Saved entries
▬▬▬
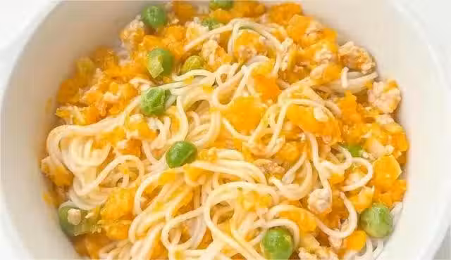 步驟二:鍋中燒油,先把蒜末炒香,再把肉末下鍋炒至變色,翻入南瓜丁、豌豆粒,下鍋炒軟,加點生抽、鹽調味,加適量的開水,下入麵條,煮熟收汁即可。
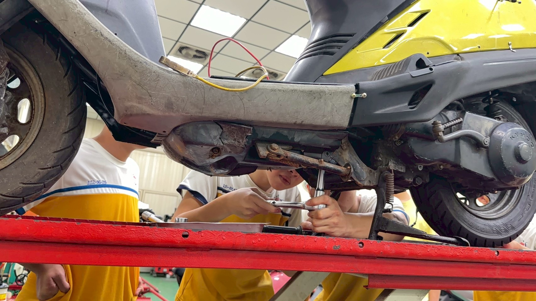今天,是他們開課後的第三次課程。走進教室,只見孩子們依照分組區域各司其職,有的拆解機車引擎,有的練習更換輪胎。儘管僅上過幾次課,但他們已能熟練操作工具,動作俐落,對於機構結構與步驟掌握得相當到位。指導老師在一旁觀察,時而點頭微笑,時而俯身指導,現場瀰漫著專注而充滿熱情的學習氛圍。
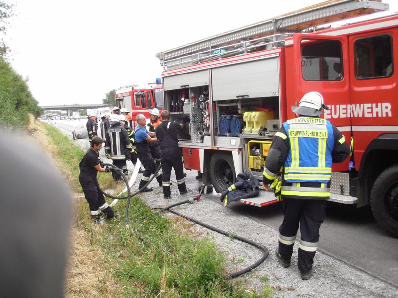 31.07.2013, Alarmierung: 08:42 Uhr Die Feuerwehren aus Kirchroth, Parkstetten und Straubing mit den Löschzügen Nord und Zentrum wurden zu einem LKW-Brand auf die Autobahn zwischen Kirchroth und Wörth alarmiert. Der Silotankzug, der mit Kunststoffgranulat gefüllt war, brannte jedoch glücklicherweise nicht, es war lediglich eine Bremse heiß gelaufen und hatte das Qualmen angefangen. Die Bremse wurde durch die Feuerwehr Kirchroth gekühlt, eine Verkehrsabsicherung wurde mit Hilfe des VSA aus Parkstetten erstellt. Die Einsatzstelle konnte zügig an die Polizei übergeben werden. Die Feuerwehren aus Straubing brauchten nicht mehr eingesetzt werden.
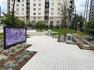 In July 2021, San Jose city officials conducted a groundbreaking ceremony for Pellier Park as an open space designed to provide downtown residents with a space away from the downtown hustle.[9][3] The park's construction was projected to have a budget of approximately $2.6 million.[3] The park honoring California's "Prune King" reopened during a public ceremony on October 18, 2023.[6][13]
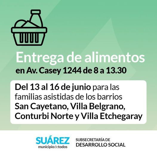 La subsecretaría de Desarrollo Social informa a las familias asistidas que continúa la entrega de alimentos secos correspondiente al mes de JUNIO, en Avenida Casey 1244, de 8 a 13:30.
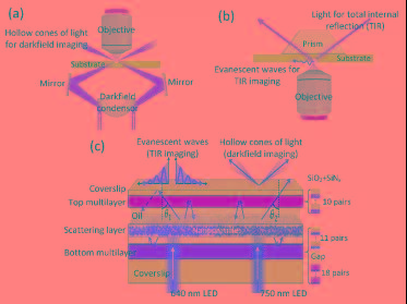 图1 传统暗场照明(a)与全内反射照明(b)光学显微镜,基于光学薄膜结构的显微成像照明元件
▬▬▬
## EXERCISE DETAILS
Beginning with the first entry above, reproduce every line verbatim until the line with "31.07.2013, Alarmierung: 08:42", which is included too; omit pictures.

## RESULT FOR THIS EXERCISE
 步驟二:鍋中燒油,先把蒜末炒香,再把肉末下鍋炒至變色,翻入南瓜丁、豌豆粒,下鍋炒軟,加點生抽、鹽調味,加適量的開水,下入麵條,煮熟收汁即可。
今天,是他們開課後的第三次課程。走進教室,只見孩子們依照分組區域各司其職,有的拆解機車引擎,有的練習更換輪胎。儘管僅上過幾次課,但他們已能熟練操作工具,動作俐落,對於機構結構與步驟掌握得相當到位。指導老師在一旁觀察,時而點頭微笑,時而俯身指導,現場瀰漫著專注而充滿熱情的學習氛圍。
 31.07.2013, Alarmierung: 08:42 Uhr Die Feuerwehren aus Kirchroth, Parkstetten und Straubing mit den Löschzügen Nord und Zentrum wurden zu einem LKW-Brand auf die Autobahn zwischen Kirchroth und Wörth alarmiert. Der Silotankzug, der mit Kunststoffgranulat gefüllt war, brannte jedoch glücklicherweise nicht, es war lediglich eine Bremse heiß gelaufen und hatte das Qualmen angefangen. Die Bremse wurde durch die Feuerwehr Kirchroth gekühlt, eine Verkehrsabsicherung wurde mit Hilfe des VSA aus Parkstetten erstellt. Die Einsatzstelle konnte zügig an die Polizei übergeben werden. Die Feuerwehren aus Straubing brauchten nicht mehr eingesetzt werden.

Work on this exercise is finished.